(Stored entries)
★ ★ ★

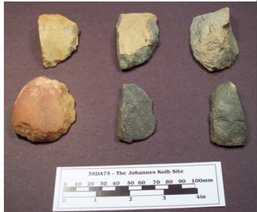
Unifaces Group 11.24. Top Row, Specimen # 687, 1110, 702. Row 2, Specimen # 1006, 759, 842.
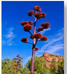
Century Plant ( Agave Americana )
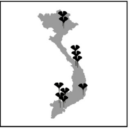
Today, Ginkgo t-shirts has 10 stores throughout Vietnam, and employs many people.
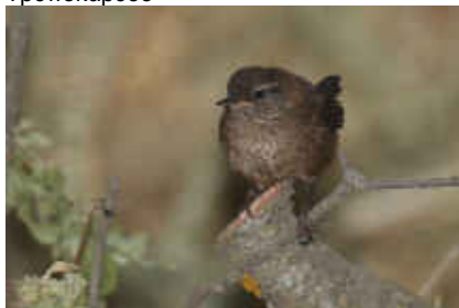
Winter Wren , Platania Picnic Site, 19 th July. Photograph by Stavros Christodoulides

Agios Theodoros Agrou (T100) 5 8-Jun CP/PPa Agros, Ladoudera, Kato Mylos Atlas Square (H05) 19 7-Jun CP/PPa Caledonian Falls 2 29-Jun and 11-Jul ME/JS Kalo Chorio Limassol, Louvaras, Gerasa H04 Atlas Square 3 9-Jun CP/PPa Kelefos Bridge - Mylikouri (2km part only) 9 incl. ad. with 2 begging juvs 1-Jul CR Livadi tou Pashia 2 Heard 11-Jul JS Livadi tou Pashia 1 seen in flight 12-Jul JN Louvaras Forest, Limassol (T093) 2 8-Jun CP/PPa Millomeris Waterfalls, Pano Platres 2 seen 26-Jul JN Mylikouri trail 6 28-Jun JN Persephone Trail, Troodos 1 26-Jul JN Platania Picnic Site 2+ 1+ seen, 1 heard only 19-Jul SC Troodos 2 28-Jul IBr

★ ★ ★

> _What is being asked_:
Reproduce exactly, with every picture left out, the lines from the one that contains "Today, Ginkgo t-shirts" to the final line of the records above.

> _Worked solution_:
Today, Ginkgo t-shirts has 10 stores throughout Vietnam, and employs many people.
Winter Wren , Platania Picnic Site, 19 th July. Photograph by Stavros Christodoulides

Agios Theodoros Agrou (T100) 5 8-Jun CP/PPa Agros, Ladoudera, Kato Mylos Atlas Square (H05) 19 7-Jun CP/PPa Caledonian Falls 2 29-Jun and 11-Jul ME/JS Kalo Chorio Limassol, Louvaras, Gerasa H04 Atlas Square 3 9-Jun CP/PPa Kelefos Bridge - Mylikouri (2km part only) 9 incl. ad. with 2 begging juvs 1-Jul CR Livadi tou Pashia 2 Heard 11-Jul JS Livadi tou Pashia 1 seen in flight 12-Jul JN Louvaras Forest, Limassol (T093) 2 8-Jun CP/PPa Millomeris Waterfalls, Pano Platres 2 seen 26-Jul JN Mylikouri trail 6 28-Jun JN Persephone Trail, Troodos 1 26-Jul JN Platania Picnic Site 2+ 1+ seen, 1 heard only 19-Jul SC Troodos 2 28-Jul IBr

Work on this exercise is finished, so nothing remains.